DiffATR: Diffusion-based Generative Modeling for Audio-Text Retrieval

Yifei Xin,Xuxin Cheng,Zhihong Zhu,Xusheng Yang,Yuexian Zou
2024-10-17
Abstract:Existing audio-text retrieval (ATR) methods are essentially discriminative models that aim to maximize the conditional likelihood, represented as p(candidates|query). Nevertheless, this methodology fails to consider the intrinsic data distribution p(query), leading to difficulties in discerning out-of-distribution data. In this work, we attempt to tackle this constraint through a generative perspective and model the relationship between audio and text as their joint probability p(candidates,query).
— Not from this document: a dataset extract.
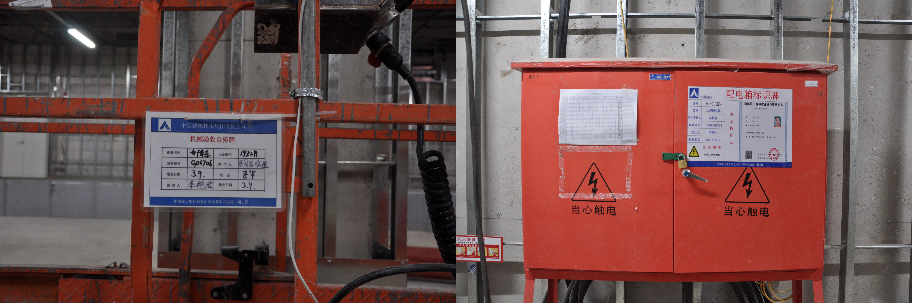 为降低因用电故障影响日常生产工作,临时用电采用两路电源供电,放射式配电,平层设置多个二级配电箱,满足规范使用要求。
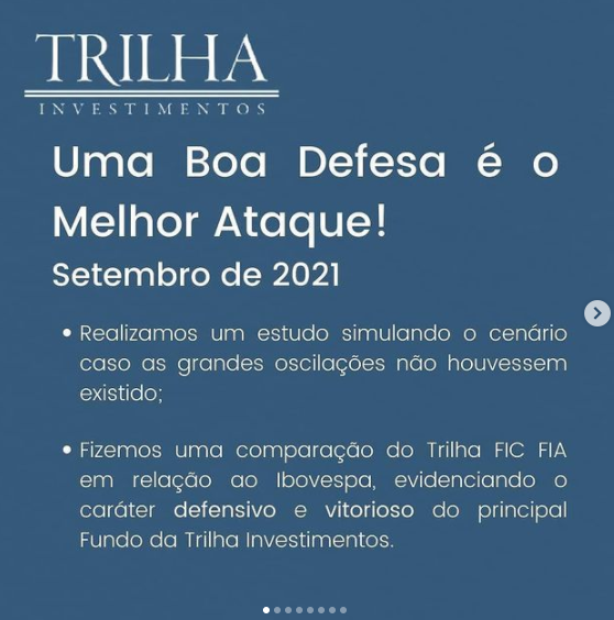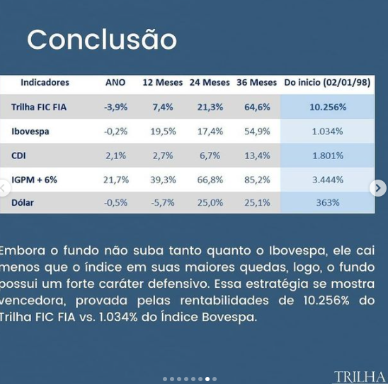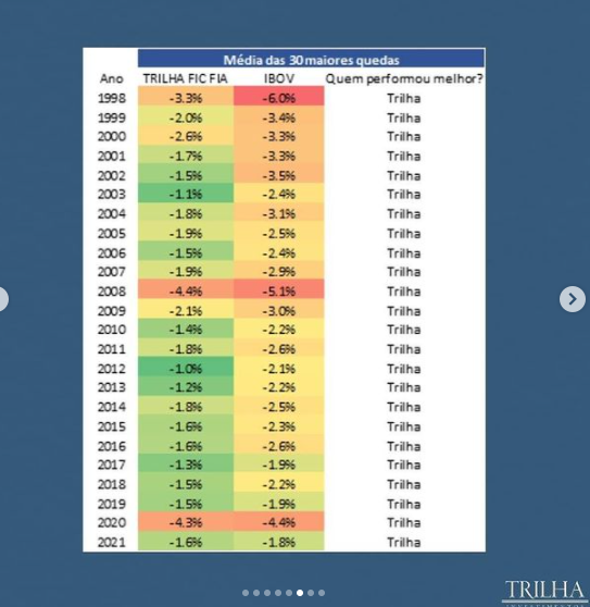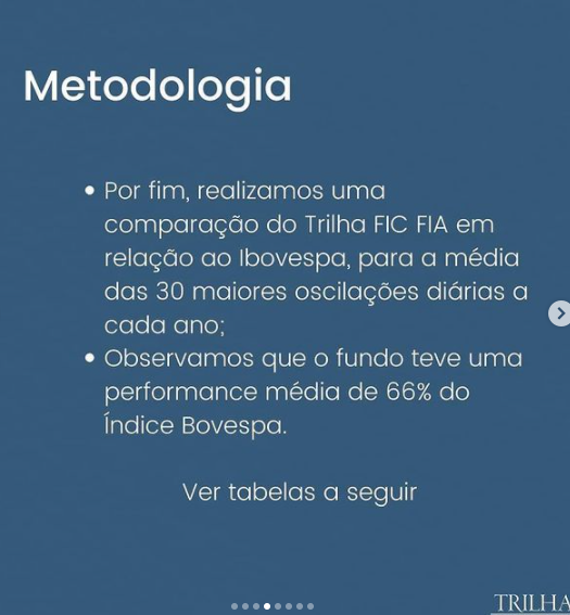 Por fim, realizamos uma comparação do Trilha FIC FIA em relação ao Ibovespa, para a média das 30 maiores oscilações diárias a cada ano. Observamos que o fundo teve uma performance média de 66% do Índice Bovespa, ou seja, embora o fundo não suba tanto quanto o Ibovespa, ele cai menos que o índice em suas maiores quedas, logo, o fundo possui um forte caráter defensivo. Essa estratégia se mostra vencedora, provada pelas rentabilidades de 10.256% do Trilha FIC FIA vs. 1.034% do Índice Bovespa*.

To this end, we present a diffusion-based ATR framework (DiffATR), which models ATR as an iterative procedure that progressively generates joint distribution from noise. Throughout its training phase, DiffATR is optimized from both generative and discriminative viewpoints: the generator is refined through a generation loss, while the feature extractor benefits from a contrastive loss, thus combining the merits of both methodologies. Experiments on the AudioCaps and Clotho datasets with superior performances, verify the effectiveness of our approach. Notably, without any alterations, our DiffATR consistently exhibits strong performance in out-of-domain retrieval settings.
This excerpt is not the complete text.